Task requirements:
Copy exactly the lines of the records below, and only those lines, beginning with the line that contains "EL CONDE CIANO" and ending with the line that contains "A despedirlo de".

Information shown:
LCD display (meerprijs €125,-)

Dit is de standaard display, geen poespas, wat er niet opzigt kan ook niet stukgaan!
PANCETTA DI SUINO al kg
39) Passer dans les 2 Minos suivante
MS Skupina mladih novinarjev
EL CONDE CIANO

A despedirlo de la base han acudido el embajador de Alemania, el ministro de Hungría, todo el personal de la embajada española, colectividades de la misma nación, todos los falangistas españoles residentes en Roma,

---

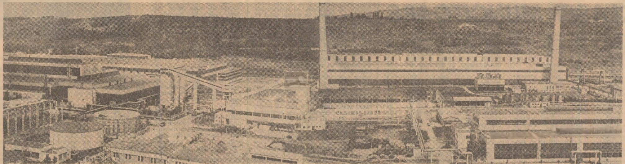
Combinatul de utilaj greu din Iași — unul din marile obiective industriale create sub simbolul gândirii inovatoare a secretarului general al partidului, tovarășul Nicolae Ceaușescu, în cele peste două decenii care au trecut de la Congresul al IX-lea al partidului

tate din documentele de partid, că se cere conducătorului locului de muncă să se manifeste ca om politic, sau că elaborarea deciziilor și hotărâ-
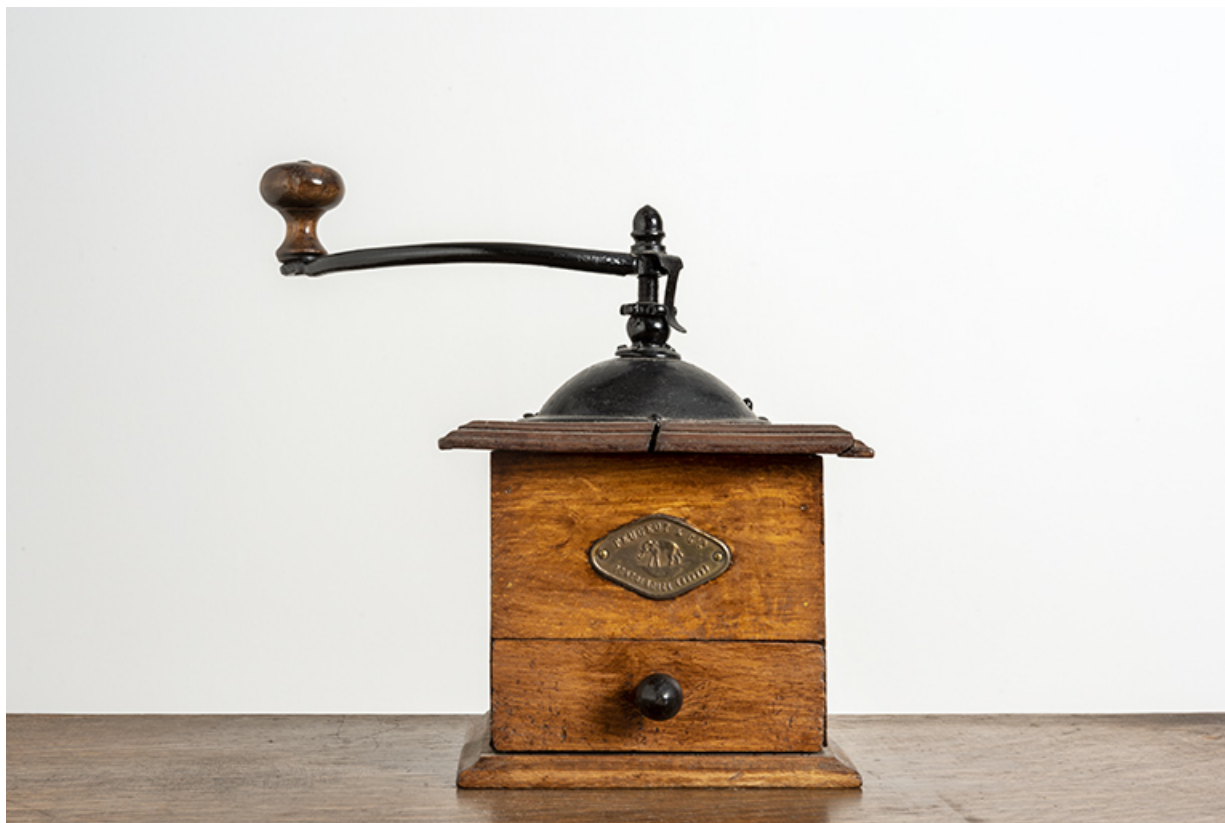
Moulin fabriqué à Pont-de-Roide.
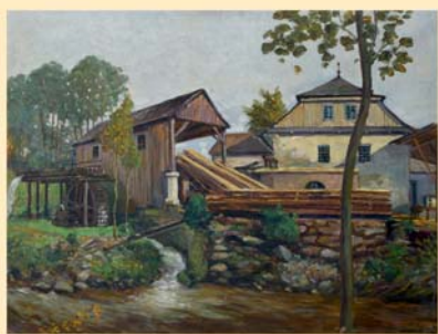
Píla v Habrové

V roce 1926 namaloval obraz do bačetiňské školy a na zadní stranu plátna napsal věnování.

...

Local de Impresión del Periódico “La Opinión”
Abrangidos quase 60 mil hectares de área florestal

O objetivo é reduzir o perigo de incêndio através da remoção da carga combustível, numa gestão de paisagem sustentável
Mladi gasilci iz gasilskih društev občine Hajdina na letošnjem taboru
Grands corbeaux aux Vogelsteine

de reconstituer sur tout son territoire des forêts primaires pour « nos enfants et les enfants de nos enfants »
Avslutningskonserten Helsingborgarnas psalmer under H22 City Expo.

Task response:
EL CONDE CIANO

A despedirlo de la base han acudido el embajador de Alemania, el ministro de Hungría, todo el personal de la embajada española, colectividades de la misma nación, todos los falangistas españoles residentes en Roma,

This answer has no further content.